What is already known about this subject?

  • Custom-made footwear is effective in ulcer prevention, but adherence is low indoors.

What are the new findings?

  • Footwear adherence increased significantly in short-term and long-term after provision of custom-made indoor footwear in low-adherent participants.

  • Footwear adherence remained high in high-adherent participants, with substantial use of the indoor footwear.

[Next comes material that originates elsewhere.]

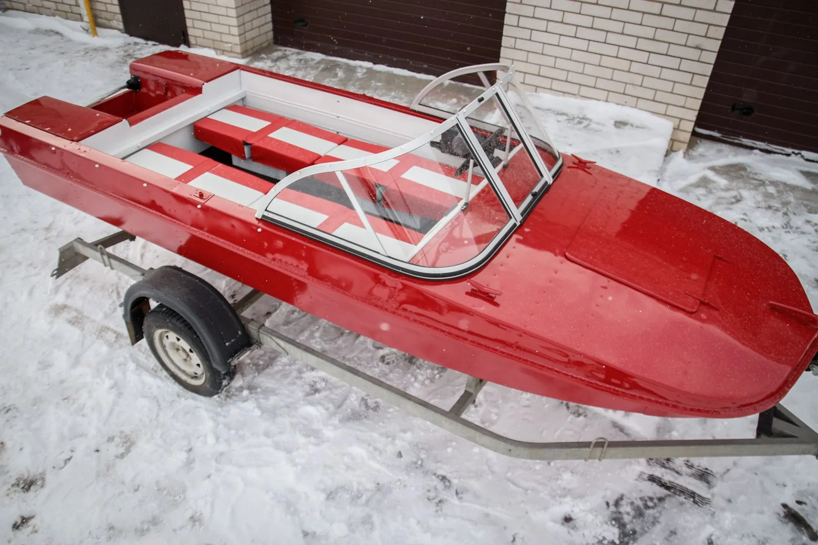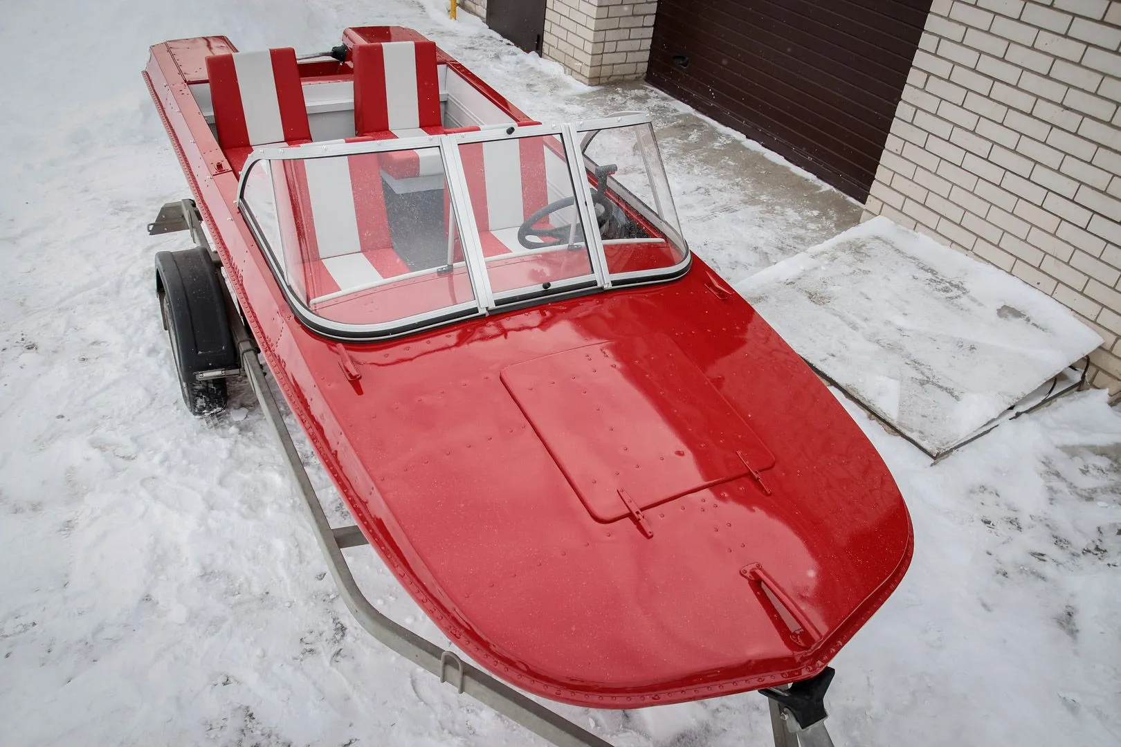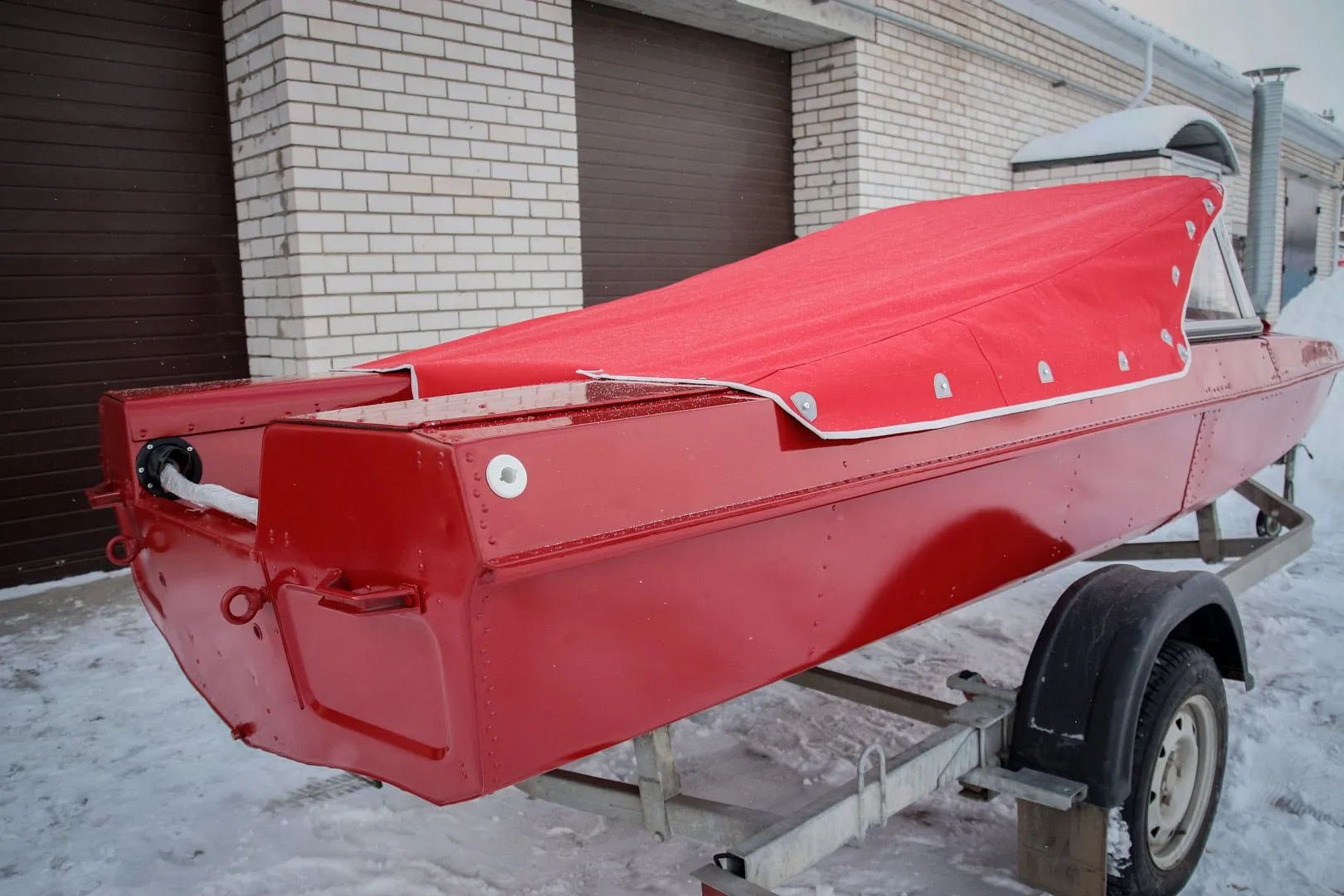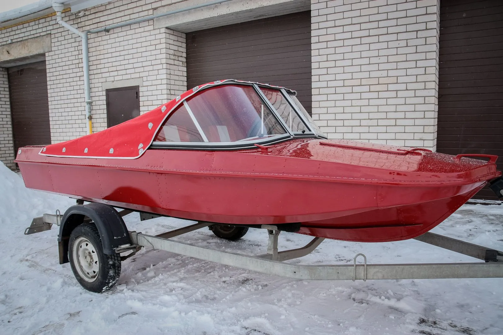 (2018) Обь 3 Ветровое стекло Элит с боковиной Классик, тент Стояночный, покраска в Красный

  • Participants were generally satisfied with their custom-made indoor footwear, and scored most usability aspects positively.

  • One-year ulcer recurrence rate was 26%.

How might these results change the focus of research or clinical practice?

  • A combination of regular and indoor custom-made footwear is a useful intervention to increase adherence, and its implementation is recommended.


Foot ulceration affects up to 30% of all people with diabetes in their lifetime and places a high burden on patients and carers as well as the healthcare system.1 Once a foot ulcer has healed, recurrence within 1 year is around 40% and 60% within 3 years.1 Due to this high risk of foot ulceration and its recurrence, its prevention is of fundamental importance.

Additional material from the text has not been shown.